As my comments went on more and more, here is the complete answer:
Your char * buffer should store the length of the string in the first bytes of X (for example, as Pascal does). After this length, string data appears that can contain any characters that you like. After that, the next X bytes indicate the length of the next line. So, and so on and so forth, to the end, which is limited to an empty string (i.e., the last X bytes say that the next line has zero length, and your application takes this as a signal to stop looking for more lines).
One of the advantages is that you do not need to scan string data - finding the next line from the beginning of the first line takes O (1) time, finding how many lines in the list are O (n), but it will be incredibly fast anyway (if O (n) is unacceptable, you can get around this, but I don’t think it is worth going into right now).
Another advantage is that the string data can contain any character you like. This may be because if your string can contain a NUL character, you can safely retrieve it, but you must be careful not to pass it to the C string function (e.g. strlen() or strcat() ) that will see the character NUL at the end of your data (which it may or may not be). You will have to rely on memcpy() and pointer arithmetic.
The problem is the value of X (the number of bytes you use to store the length of the string). The easiest way would be 1 to get around all the problems of judgment and alignment, but would limit your lines to 255 characters. If this is a limitation, you can live fine, but 255 seems a little low to me.
X may be 2 or 4 bytes, but you will need to make sure that you have a (unsigned) data type that at least contains as many bytes ( stdint.h uint16_t or uint32_t , or maybe uint_least16_t or uint_least32_t ). The best solution would be to make X = sizeof(size_t) , since the type size_t guaranteed to be able to store the length of any string that you could save.
If X > 1 introduces alignment, and if network portability is a problem, endianness. The easiest way to read the first X bytes as a size_t variable is to pass your char * data to size_t * and just dereference. However, if you cannot guarantee the correct alignment of your char * data, this may disrupt some systems. Even if you guarantee alignment of your char * data, you will have to spend a few bytes at the end of most lines to make sure that the value of the next line length is aligned.
The easiest way to overcome alignment is to manually convert the first sizeof(size_t) bytes to a size_t value. You will need to decide whether you want to store data a little or big-endian. Most computers will be targeted at small numbers, but for manual conversion it does not matter - just select one. The number 65537 (2 ^ 16 + 2) stored in 4 bytes, big-endian, looks like { 0, 1, 0, 2 } ; little-endian, { 2, 0, 1, 0 } .
Once you decide that (it doesn’t matter, choose what you like), you simply discard the first X data points to unsigned char s, then to size_t , then do a bit-shift with the appropriate exponent to put them in the right place, and then add them all together. In the above examples, 0 was multiplied by 2 ^ 32, 1 by 2 ^ 16, 0 by 2 ^ 8 and 2 by 2 ^ 0 (or 1), producing 0 + 65536 + 0 + 2 or 65537. The difference will probably be zero in efficiency between large and little-endian, if you do a manual conversion - I want to indicate (again) that the choice is completely arbitrary, as far as I can tell.

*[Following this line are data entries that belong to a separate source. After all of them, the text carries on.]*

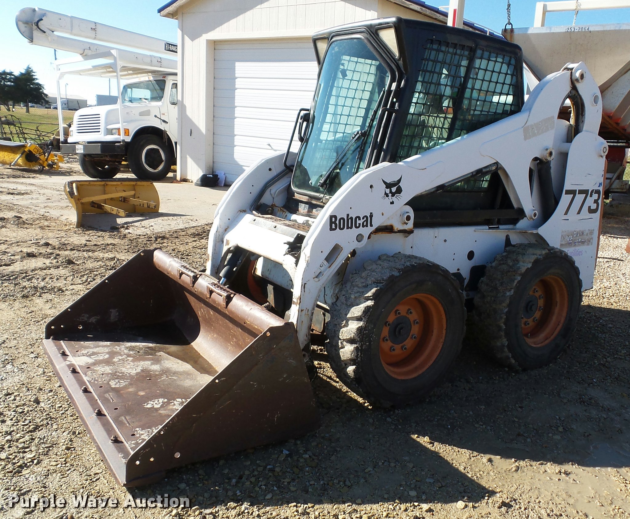 Purple Wave is selling a used Skid Steer Loader in Kansas. This item is a 2001 Bobcat 773 skid steer with the following: 1,887 hours on meter, Kubota V2203-E 2.2L diesel engine, 36.1 kW, Serial 0YW3491, Hydrostatic transmission, Enclosed cab, Heat, Hand and foot controls, Front work lights, Backup alarm, Block heater, Auxiliary hydraulics, 67"W bucket, Weld-on cutting edge, Titan 10-16.5 tires, Serial 517619143
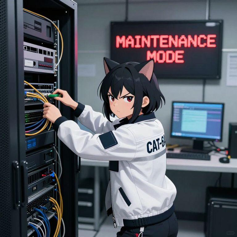 An angry anime catgirl mechanic, she wears a white jacket that says \"CAT-6A\" on her back, she is pulling cables from a server rack, the room is messy, a monitor on the wall red pixel font text that says \"MAINTENANCE MODE\" in the center
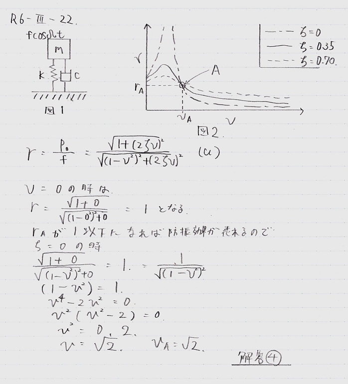 この問題は、1自由度振動系においての振動伝達率と振動数比に関する問題です。振動伝達率の式が与えられていますので、減衰比と振動数比の関係から一定値となるところを見つけます。振動数比が約1.4以上あれば防振効果があると言われておりますので、その事を知っていれば計算しなくても答えが分かると思います。解答は④となります。 計算式等は勉強ノートを参照ください。
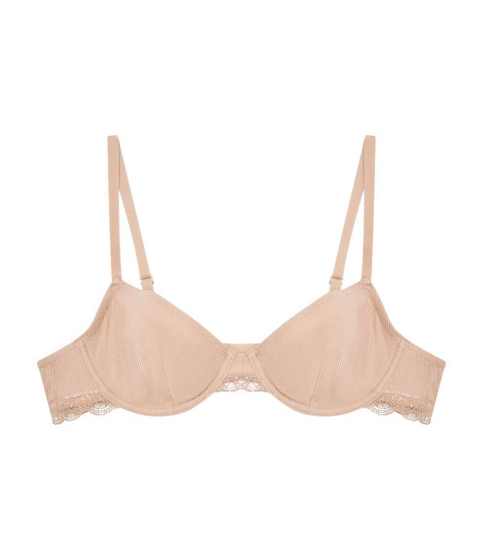 Reggiseno in cotone a costine, modello balconcino con ferretto senza coppe. Spalline regolabili e chiusura con due gancetti regolabili su tre larghezze.
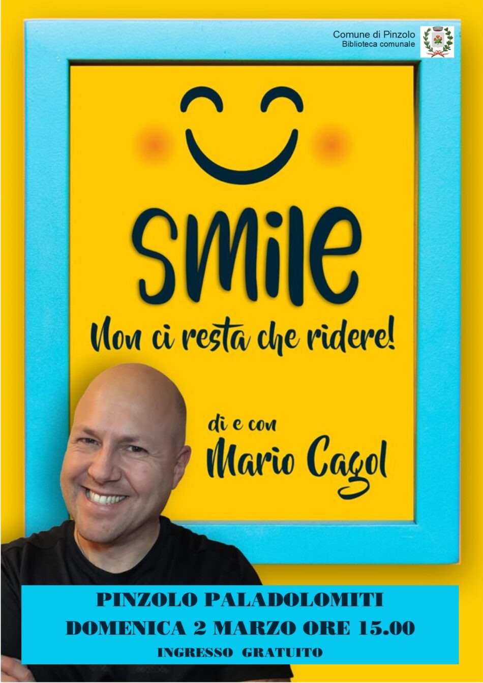 Non c’è carnevale senza allegria e senza risate e nulla è più adatto di uno spettacolo brillante intitolato Smile proposto dal comico trentino Mario Cagol. Tutti sono invitati, l’ingresso è gratuito. E’ sufficiente presentarsi domenica 2 marzo poco prima delle 15.00 per trascorrere un frizzante pomeriggio assistendo ad un divertente show.

Performing a manual conversion avoids alignment problems and completely bypasses concerns about the nature of the intersystem system, so the data transferred from a computer with a mini-terminal to a large one will be considered the same. There is still a potential problem with transferring data from the system, where sizeof(size_t) == 4 , where sizeof(size_t) == 8 . If this is a problem, you can either a) take size_t and select the size of the invariant, or b) encode (one byte, all you need) the sizeof(size_t) value for the sender as the first byte of data, and the receiver has the necessary adjustments. Choosing a) can be simpler, but it can cause problems (what if you chose too small a size to account for outdated computers on your network, and as they phase out, do you lose storage space for your data?), Therefore I would prefer b), because it scales with any system you are working on (16-bit, 32-bit, 64-bit, maybe even in the future, 128-bit), but for this you may not would need.
</vomit> I leave this to the reader to understand everything that I just wrote.